Recovering a system which is not able to boot cleanly.

DNS

Domain Name Service, which maps from hostnames to TCP/IP addresses.

hypervisor

The computer which hosts a number of virtual machines.

tuned

A tool for automatically configuring Linux machines based on their roles.

rebuild

Return a virtual machine to its base configuration.

cernops

CERN operations source code repository for open source software on GitHub at http://github.com/cernops

metadata

A set of key value pairs which can be associated with a VM, image, flavor or other objects.

ntp

The internet network time protocol used to synchronise machines with a good time reference such as the ip-time-1 server at CERN.

Knative

Knative provides three components for facilitating deployment of an app as a cloud function on Kubernetes: Serving, Eventing, and Build.

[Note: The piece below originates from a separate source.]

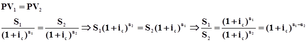 Б) Наращение. Условие эквивалентности: FV1 =FV2
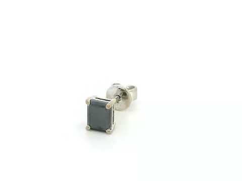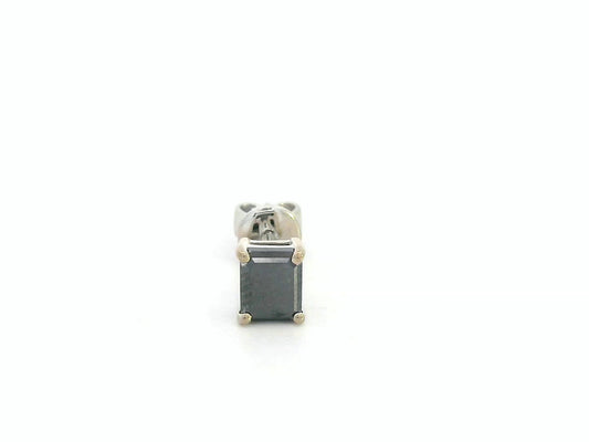 18K White Gold Black Diamond Solitaire Stud Earring | Emerald Cut 0.51ct

It does so by extending the Kubernetes API with its own CRDs and corresponding custom controllers. As of July 2019, it depends on Istio.

Istio

An open source service mesh offering by Google, IBM, Lyft, and others. Used by Knative.

service mesh

A framework that facilitates various aspects of managing an app distributed over the network, such as: service discovery; inter-service communication; routing; circuit breaking; access control and authentication; and telemetry, logging, and metrics.

cloud function

A self-contained program that runs on a server only temporarily, in response to events. Typically, the function responds to events dispatched over HTTP by a pre-defined source (e.g. S3 events, GitLab/GitHub webhooks, etc.). It is the basic unit of Function-as-a-Service architecture and the most common example of serverless architecture.

serverless architecture

A pattern for deploying applications on temporary servers, instead of persistent servers. According to this pattern, apps are automatically deployed and scaled based on demand. Among the primary benefits is dynamic, horizontal scaling of workloads, which involves creating many independent instances when demand is high and tearing them down when demand is low. Among the primary drawbacks are the latency of the intial app startup and the need to maintain a relatively small piece of logic as a separate service.